[Opening Task input section]

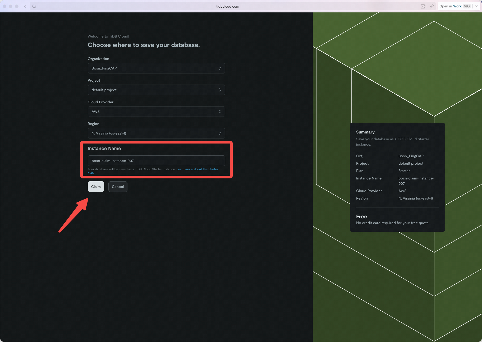 • Three-click claim converts it into a persistent TiDB Cloud database.
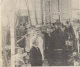 Ondanks de slechte kwaliteit van naast staande krantenfoto geef ik deze toch weer. Zij is te merkwaardig. Na 81 jaar ontdekte het Brabants Nieuwsblad deze foto, en schreef eronder: ‘Directeur Jantje Galema geeft Tilburgse notabelen een rondleiding door de nieuwe melkfabriek.’
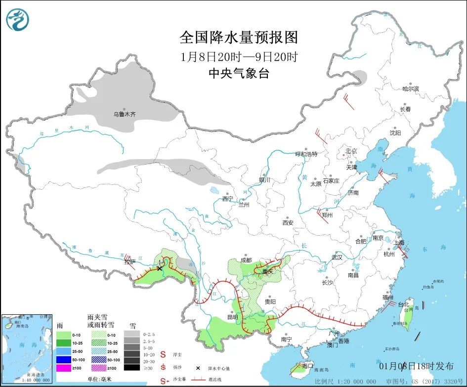 1月8日20时至9日20时,新疆北部、青海北部、甘肃河西、西藏东部、西南地区东部、云南东北部等地部分地区有小雪或雨夹雪。贵州西部、云南东北部局地有冻雨。西藏东南部、四川盆地南部、重庆西南部、云南东部和南部、广西西部、海南岛西部、台湾岛东部等地部分地区有小雨。内蒙古中部、山东半岛、河北北部、河南中部、浙江东部等地部分地区有4~6级风。
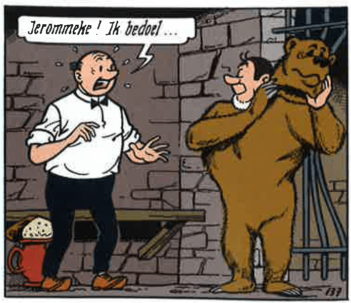 Paul Geerts, bijvoorbeeld, de opvolger van Willy Vandersteen, heeft die met ‘Het berenbeklag’ (1999) geen Vlaamse Shining willen maken? Dat album, voorwaar helemaal gewijd aan de redding van een batterij Balkanberen, begint met een onmiskenbare knipoog naar de overweldigende opening van de Kubrickfilm. Op een ongewoon grote openingsplaat zien we een bebost berglandschap. Tussen de bergen in: water en een door het verre perspectief zo kleine auto dat we onmogelijk kunnen zien wie erin zit. Het volgende plaatje: Lambik aan het stuur, de andere helden naast en achter hem. Oké, de auto is geen Volkswagen Kever en evenmin geel (een blauwe jeep met een caravan), en Kubricks duizelingwekkende Rocky Mountains werden vervangen door de net iets minder ruige Balkan in Europees Turkije. Uiteraard doe ik mijn hele theorie niet hier, maar elders uit de doeken. Sta mij enkel nog toe te verwijzen naar een schokkende scène in strook 137. Voor zover ik weet, zegt die Rob Ager daar helemaal niets over.
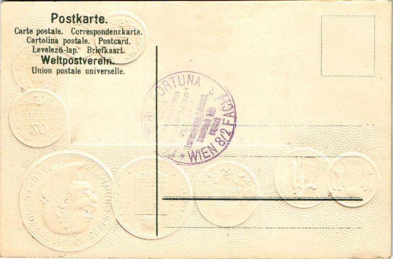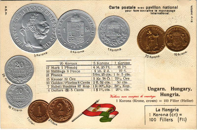 Magyar pénzérmék, ezüst és arany díszített dombornyomott / Ungarn / Hungarian flag and set of coins with crone. H.S.M. golden and silver Emb. litho (lyukak / pinholes)
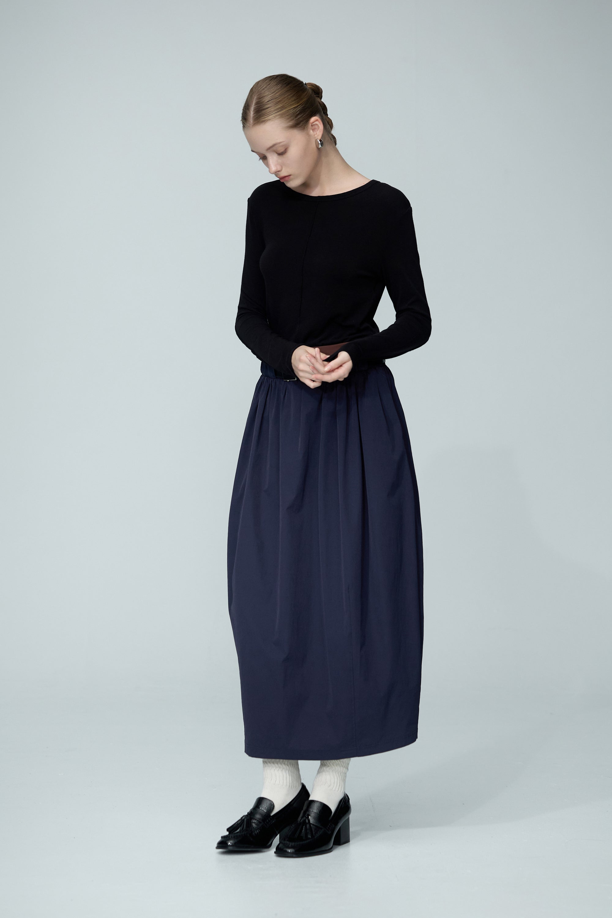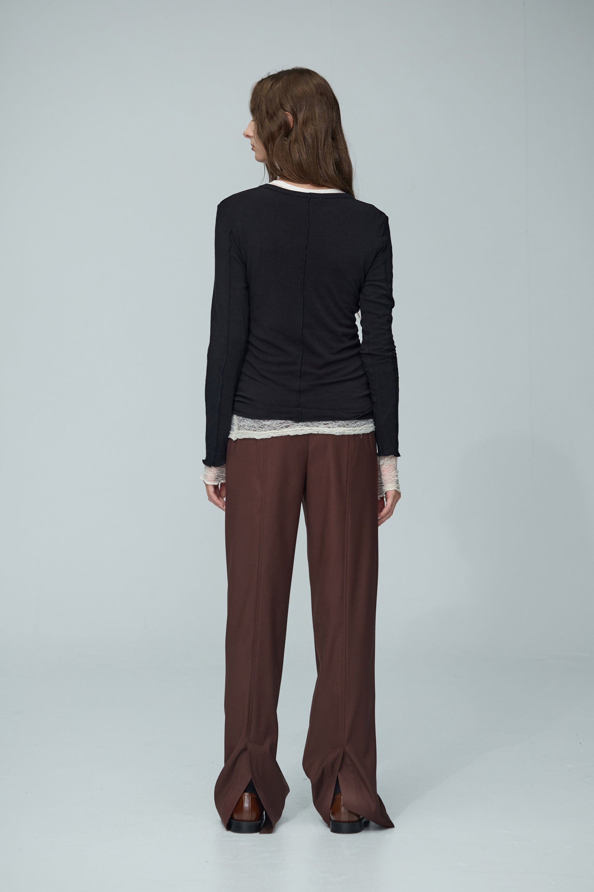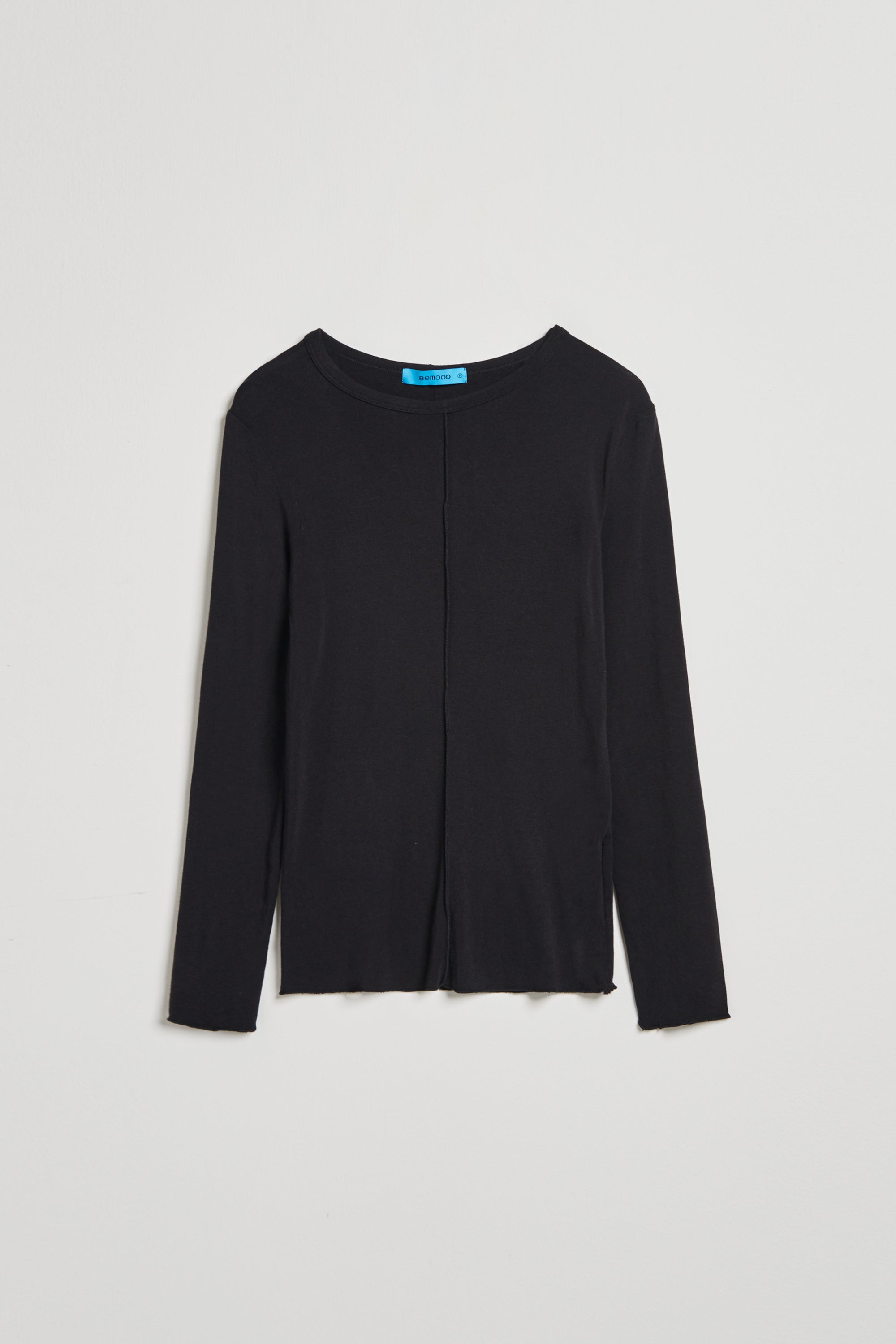 裝飾縫線圓領彈性好搭TEE上衣-黑
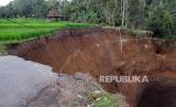 REPUBLIKA.CO.ID,GIANYAR -- Warga mengamati kondisi jalan yang amblas di lingkungan Cebok, Desa Kedisan, Tegallalang, Gianyar, Bali, Rabu (13/9/2023).
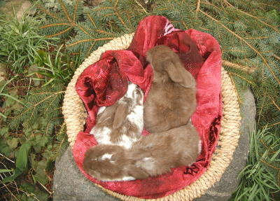 Das sind Flummi, Pünktchen und Schoko mit rund 3 Wochen.
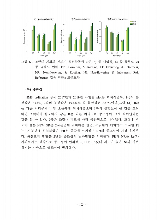103 60. a , b , c FRFlowering & Rooting, FIFlowering & Intactness, NRNon-flowering & Rooting, NINon-flowering & Intactness, RefReference. ± NMS ordination 2017 2019 plot 1 63.4%, 2 19.4% 82.8% 61 Ref 1 R 2 NI NR 2 , FI 3 FR Ref 2 FR NR Ref , FI NI
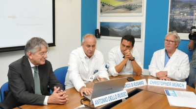 «Qui c’è un luogo accogliente, di alta qualità e di grande umanità che testimonia che non dobbiamo uscire dalla regione per trovare le risposte migliori al bisogno di salute dei marchigiani». Così il Presidente Regione Marche, Luca Ceriscioli, questa mattina al ‘Lancisi’ Dipartimento di scienze cardio-vascolari degli Ospedali Riuniti di Ancona. Oggi si festeggiano risultati eccellenti: undici pazienti affetti da tachicardia ventricolare maligna incessante, la cosiddetta tempesta aritmica, sono stati salvati con l’approccio dell’ablazione cardiaca epicardica recentemente introdotta nella struttura. Un importante risultato, testimoniato dal racconto di due degli undici salvati, ottenuto grazie all’alta professionalità di Antonio Dello Russo, l’aritmologo dei top player e degli atleti di tutta Italia operativo a Torrette dal primo giugno scorso (e che sarà il futuro direttore della Clinica di Cardiologia e Aritmologia), e dell’equipe formata da 6 elettrofisiologi, sotto la guida dell’attuale direttore Alessandro Capucci supportato da un team di esperti di altissimo profilo.
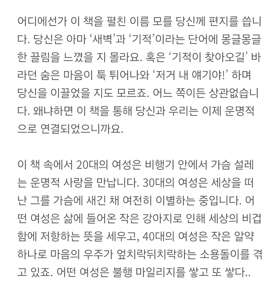 에세이와 연애 감성 글을 씁니다. 대학에서 문예창작 전공.

[Closing Task input section]

**About this exercise:** In the entries above, find the line containing "Das sind Flummi, Pünktchen" and the line containing "103 60. a , b"; give again exactly those two lines and every line between them, minus the pictures.

**Response to this task:**
 Das sind Flummi, Pünktchen und Schoko mit rund 3 Wochen.
103 60. a , b , c FRFlowering & Rooting, FIFlowering & Intactness, NRNon-flowering & Rooting, NINon-flowering & Intactness, RefReference. ± NMS ordination 2017 2019 plot 1 63.4%, 2 19.4% 82.8% 61 Ref 1 R 2 NI NR 2 , FI 3 FR Ref 2 FR NR Ref , FI NI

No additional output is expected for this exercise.